Analyzed the distribution of Indian census data using R, applied the central limit theorem and compared different sampling methods.
The project is based on picking up a real-life Dataset, preparing and pre-processing the Dataset so that it can be analysed using various methods and draw graphs from them.
Population Census is the total process of collecting, compiling, analyzing or otherwise disseminating demographic, economic and social data pertaining, at a specific time, of all persons in a country or a well-defined part of a country. As such, the census provides snapshot of the country’s population and housing at a given point of time.
Census of India is a rich database which can tell stories of over a billion Indians.

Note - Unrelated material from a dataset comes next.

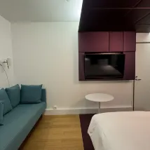 Located next to the train station. Excellent location. Clean room. Rich buffet breakfast. Three people can share a room for a day. Extra bed is free. The extra sofa bed is also very big. Will stay again

This database has been extracted from Census of 2001 and includes data of 590 districts and 34 States having around 80 variables each.
This Dataset is picked from Kaggle. https://www.kaggle.com/bazuka/census2001
It is the qualitative data that is associated with a property or a quality. Generally, to represent the frequency of various categories, we use bar plot and pie chart. Here we check the Religions.
It is the quantitative data which is associated with numeric measurement. To graphically represent the numerical data, we generally use histogram, bar plot and dot chart. Here we check the number of Males with respect to each State.
The central limit theorem states that the distribution of the sample means for a given sample size of the population has the shape of the normal distribution.
In simple random sampling, every item from a frame has the same chance of selection from the sample as every other item.
In systematic sampling, sample members from a larger population are selected.
In stratified sampling, the items from the frame are subdivided into separate subgroups called strata. Simple random samples are selected from each stratum and combined for the desired sample of size n.
In cluster sampling, the data is divided into groups called clusters. These clusters should mirror the entire data. A random sample of these clusters is then collected and analyzed.
The confidence level is the confidence that the confidence interval contains the data mean.